= About this task =
Make an exact copy of all the entries below, with the pictures left out.

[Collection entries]
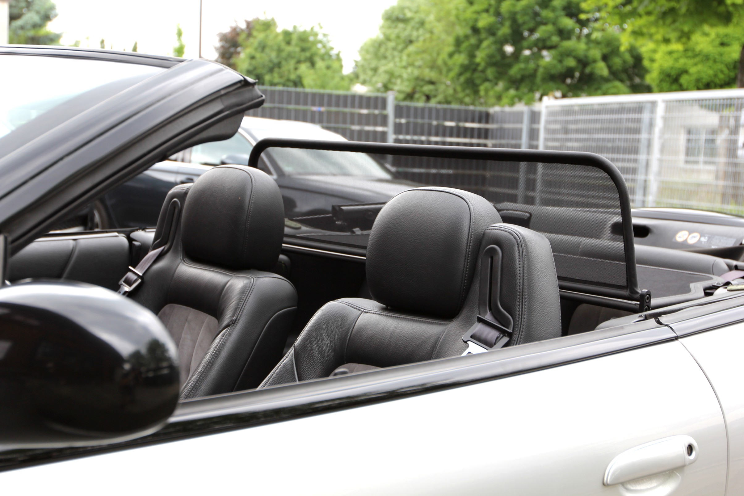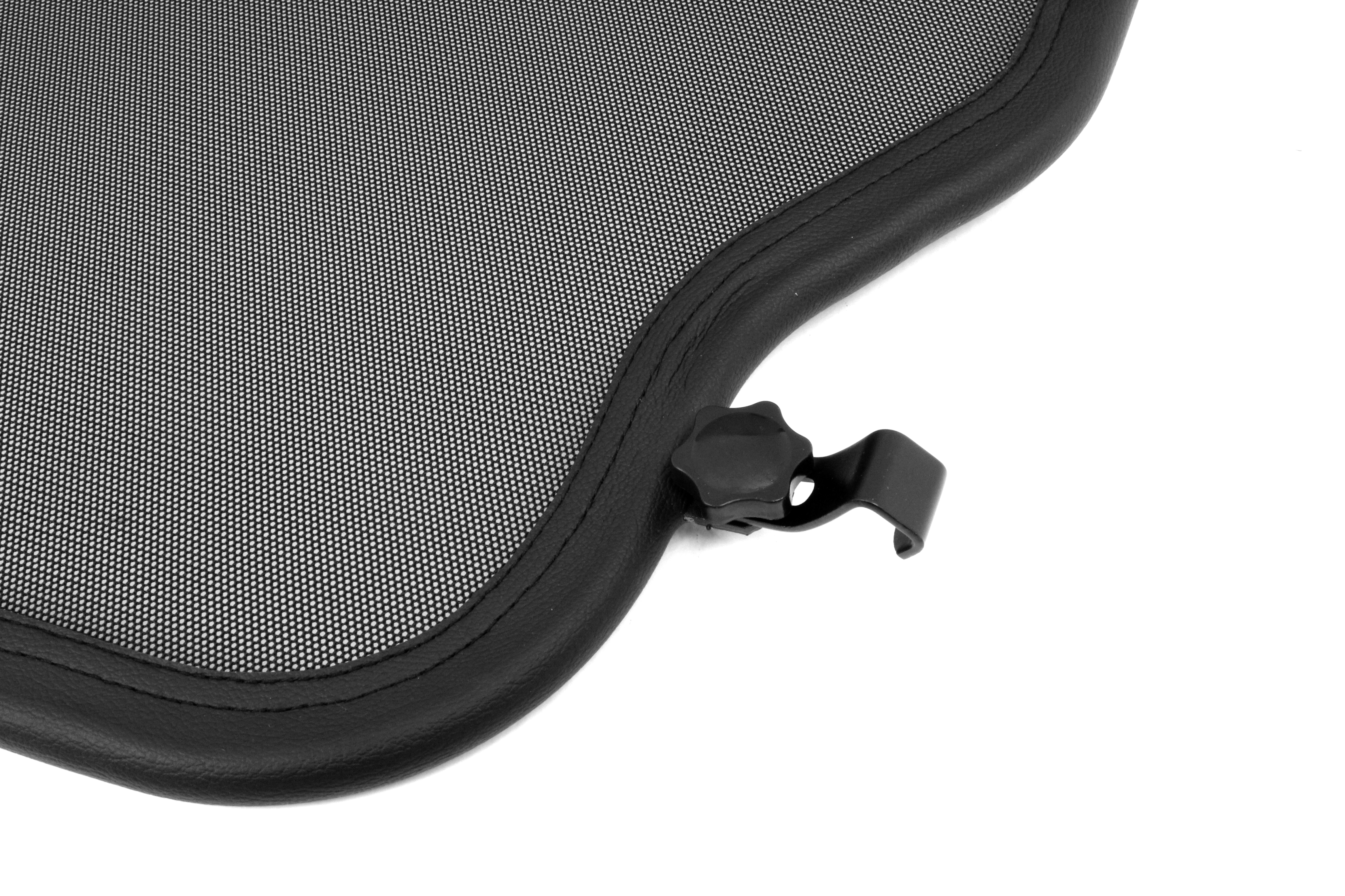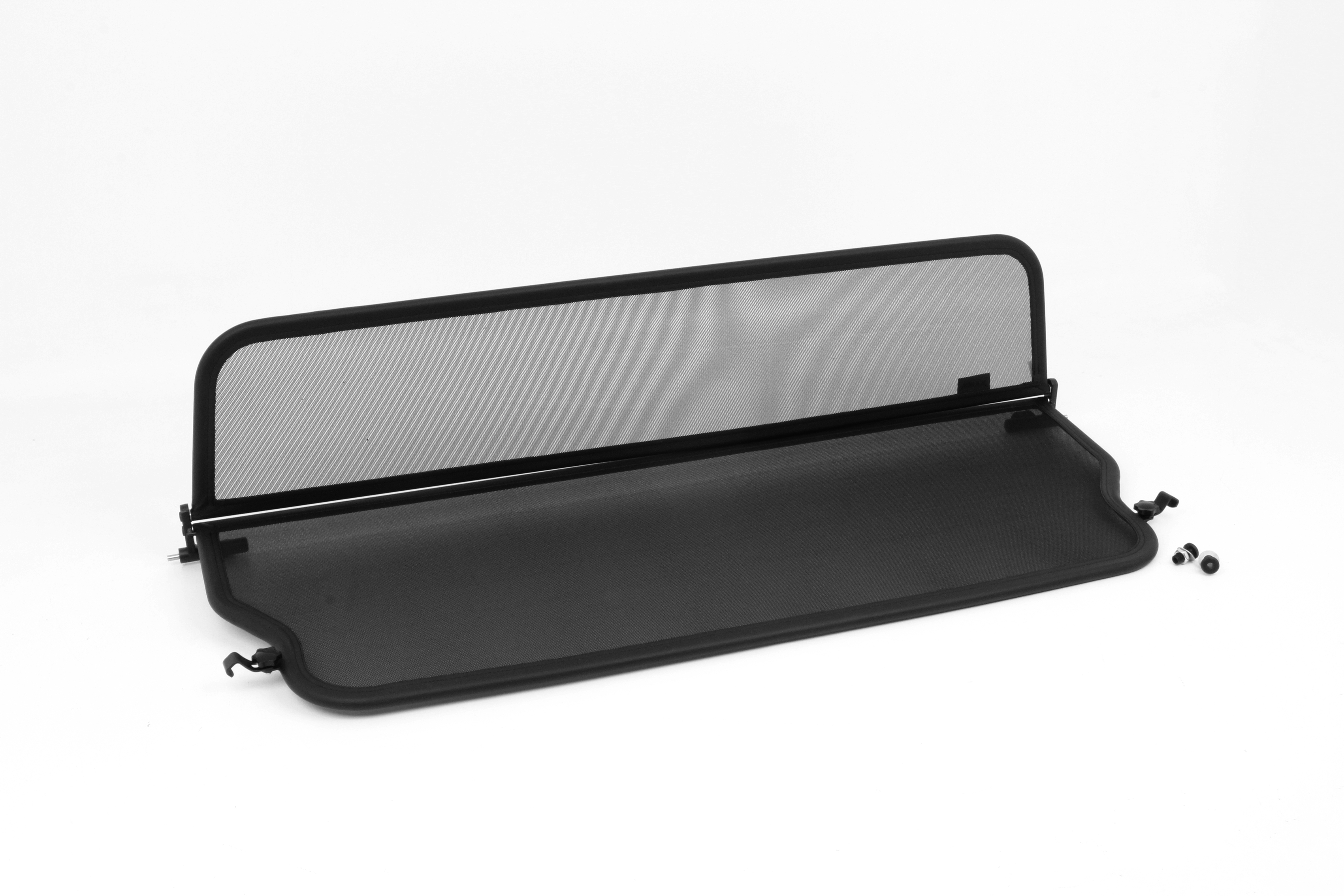 How does a wind deflector work?In its simplest form it is a mesh covered steel frame fixed behind the drivers seats, preventing the air swirling in the car every convertible driver knows. The deflector frames are made from high-grade steel tubes, bowed in car specific form and size, accurately welded and covered with weatherproof artificial leather with high-quality seams. A high-quality nylon-polyester blended fabric mesh is used as clothing, characterised by highest tensile strength and UV-resistance. Mesh, respectively frame systems can be mounted with the installation kits even by laymen within a few minutes!
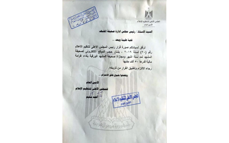 قرر المجلس الاعلى لتنظيم الاعلام حجب موقع جريدة المشهد لمدة ٦ شهور وتغريمه ٥٠ألف جنيه.
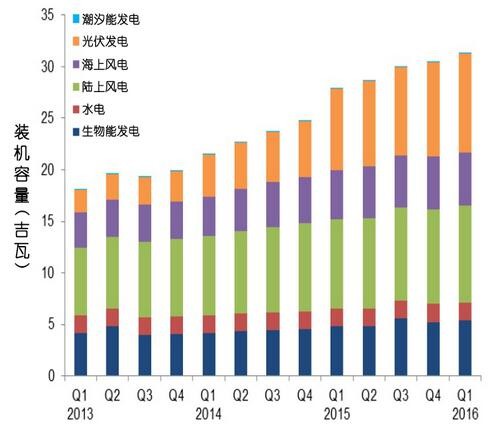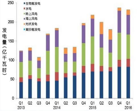 陸上及海上風(fēng)電裝機(jī)容量同比增長分別為7.6%(0.7吉瓦)和7.5%(0.4吉瓦)。多家陸上風(fēng)電場開始運(yùn)行,包括2016年第一季度投運(yùn)的60兆瓦M(jìn)oy風(fēng)電場。海上風(fēng)電裝機(jī)容量增長主要是由于WestermostRough等多家風(fēng)電場建設(shè)完工,2016年第一季度海上風(fēng)電裝機(jī)容量并沒有新的增長。
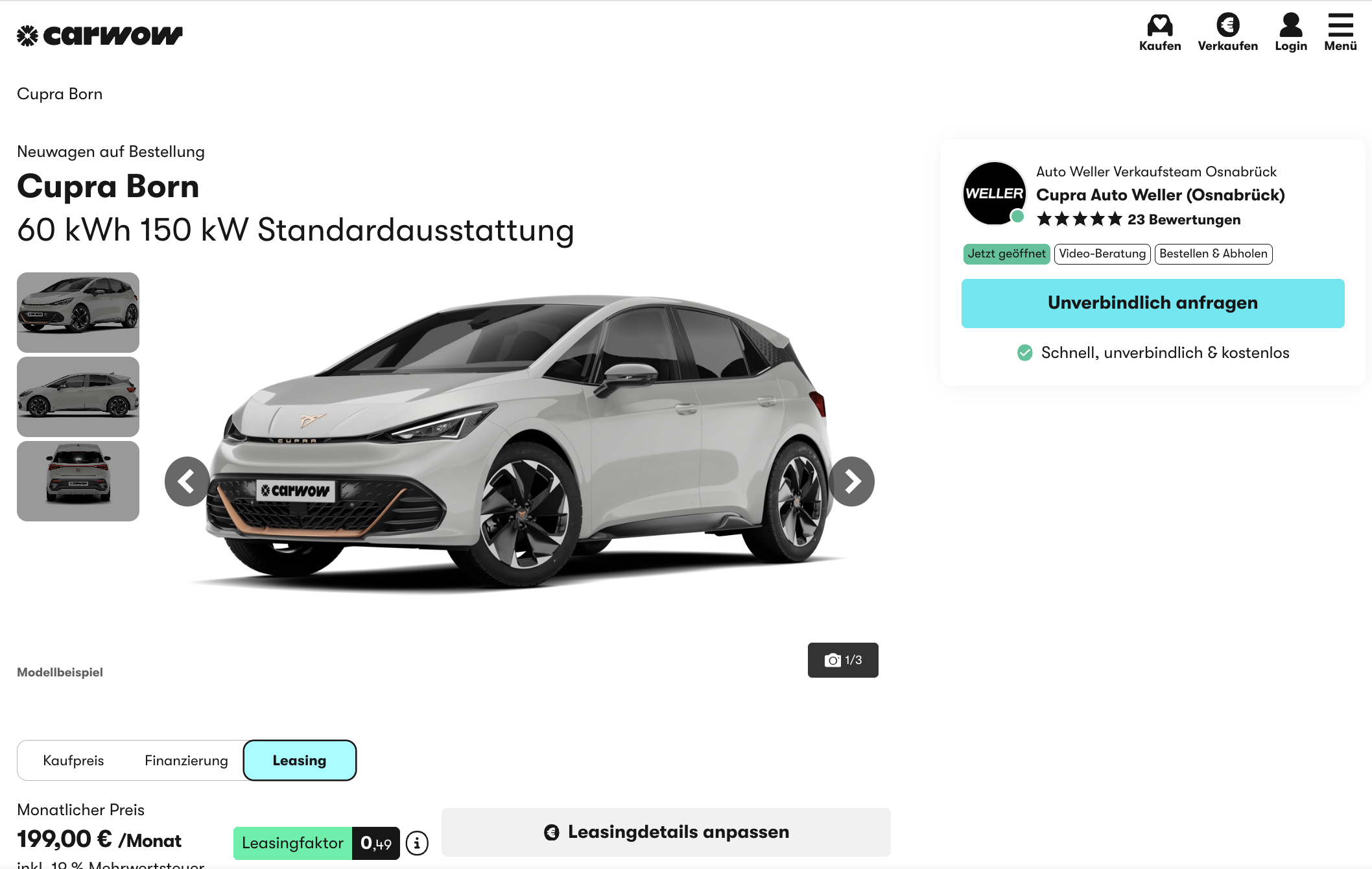 Das carwow-Angebot ist auf 36 Monate Laufzeit und 10.000 Kilometer pro Jahr ausgelegt. Im direkten Preisvergleich wird der Vorteil deutlich: Während ein ähnlich konfigurierter Born bei großen Mitbewerbern oft rund 370 Euro brutto monatlich kostet, liegt die effektive Rate hier deutlich darunter.
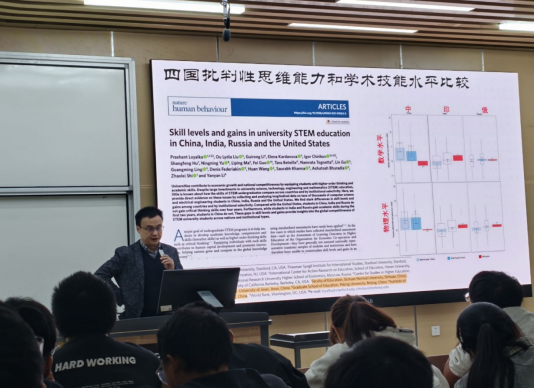 首先,杨成教授通过展示中美印俄四个国家大学生进入大学后数理能力和批判性思维变化的对比凸显了当代中国大学生批判性思维培养的缺乏,由此引出对化学中时间尺度的探索。

= Finished task =
 How does a wind deflector work?In its simplest form it is a mesh covered steel frame fixed behind the drivers seats, preventing the air swirling in the car every convertible driver knows. The deflector frames are made from high-grade steel tubes, bowed in car specific form and size, accurately welded and covered with weatherproof artificial leather with high-quality seams. A high-quality nylon-polyester blended fabric mesh is used as clothing, characterised by highest tensile strength and UV-resistance. Mesh, respectively frame systems can be mounted with the installation kits even by laymen within a few minutes!
 قرر المجلس الاعلى لتنظيم الاعلام حجب موقع جريدة المشهد لمدة ٦ شهور وتغريمه ٥٠ألف جنيه.
 陸上及海上風(fēng)電裝機(jī)容量同比增長分別為7.6%(0.7吉瓦)和7.5%(0.4吉瓦)。多家陸上風(fēng)電場開始運(yùn)行,包括2016年第一季度投運(yùn)的60兆瓦M(jìn)oy風(fēng)電場。海上風(fēng)電裝機(jī)容量增長主要是由于WestermostRough等多家風(fēng)電場建設(shè)完工,2016年第一季度海上風(fēng)電裝機(jī)容量并沒有新的增長。
 Das carwow-Angebot ist auf 36 Monate Laufzeit und 10.000 Kilometer pro Jahr ausgelegt. Im direkten Preisvergleich wird der Vorteil deutlich: Während ein ähnlich konfigurierter Born bei großen Mitbewerbern oft rund 370 Euro brutto monatlich kostet, liegt die effektive Rate hier deutlich darunter.
 首先,杨成教授通过展示中美印俄四个国家大学生进入大学后数理能力和批判性思维变化的对比凸显了当代中国大学生批判性思维培养的缺乏,由此引出对化学中时间尺度的探索。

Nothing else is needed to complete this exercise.